Department of Computer Engineering
S E M I N A R
Moving Beyond Term-Frequency Models for Text Categorization
Text categorization is a major application in machine learning research due to the increasing demand for autonomous organization of digital documents on the Internet. Integration of semantic information into text classification is highly desirable, but the current term-frequency models do not seem adequate. We explore recent theoretical developments for more detailed models of text dissimilarity, in particular the domain inspecific metrics from algorithmic information theory (Kolmogorov complexity). We outline syntactic kernels for text dissimilarity. One of our kernels is scalable in the number of documents, and we have shown it to be superior to a monogram term-frequency model of Turkish documents from a fuzzy and imbalanced dataset consisting of articles from Radikal newspaper. We discuss the advantages and limitations of our generalized syntactical approach. The algorithmic distance functions are fairly independent of the language, can detect sentence level similarity, and they look particularly fitting for analysis of agglutinative languages such as Turkish and Finnish. On the other hand, our current methods are purely syntactic and this places inherent limitations on the precision of classification. We can move even further from the stemming approach by using word/sense disambiguation tools and commonsense knowledge bases such as WordNet and ConceptNet.
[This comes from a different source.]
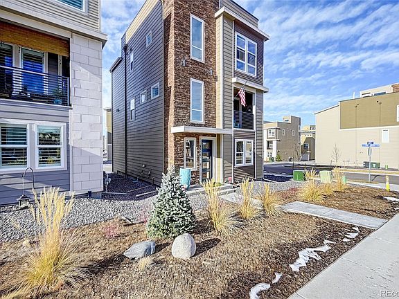 Upgraded 2 bed (plus office), 3 bath home in desirable Castle Rock on corner lot. Hardwood floors are throughout this amazing home. Enter on the main level to the lower level office with custom coffered ceiling. As you go upstairs, you will notice the upgraded staircase with 3/4 inch oak treads throughout all 3 levels. On the main level is the open kitchen/living room. The kitchen boasts full quartz counter with island with waterfall edges, Custom hood vent, tile backsplash, upgraded cabinets and soft close drawers, as well as a unique Brazilian wood live 10 ft. edge slab that is backlit (see pictures). The living room is cozy and has a custom entertainment center (TV and mount included) along with Candle place (fireplace not installed, but wired for an electric fireplace). Enjoy watching the most spectacular sunrises with your morning coffee on your main floor patio. The main floor also has a 1/2 bath. On the 3rd level is a nice size bedroom and full bath with custom tile, niches and deep soaker tub. Enter the master suite and immediately notice the custom beams. The master bath features a large walk-in shower and dual sinks. The master bedroom also includes a walk in closet. Go up to the rooftop deck where you can see the sunsets over the mountains (you will have an unobstructed view of the 4th of July fireworks the Town of Castle Rock puts on). There is also a custom built-in 10 ft. live edge bar top. Home also features 9' garage doors for those oversize trucks/SUV's. HOA dues include snow removal! Schedule a showing today of this upgraded home near all the shops and restaurants that Castle Rock has to offer.

Filtered through a worse/sense disambiguator, we obtain sense strings, which can be processed by either classical term-frequency models, with well-known string kernels used in bioinformatics and NLP research, or with our advanced kernels. A commonsense knowledge base can help us reason about dissimilarity in semantic terms, instead of syntactic terms. Finally, we mention the relevance of kernel feature selection and multilevel statistics for large-scale text categorization. In particular, we summarize approaches used in the open source semantic search engine ALVIS, and argue that semantic search will eventually lead us to abandon the well studied term-frequency models.
DATE: November 22, 2004, Monday @ 15:40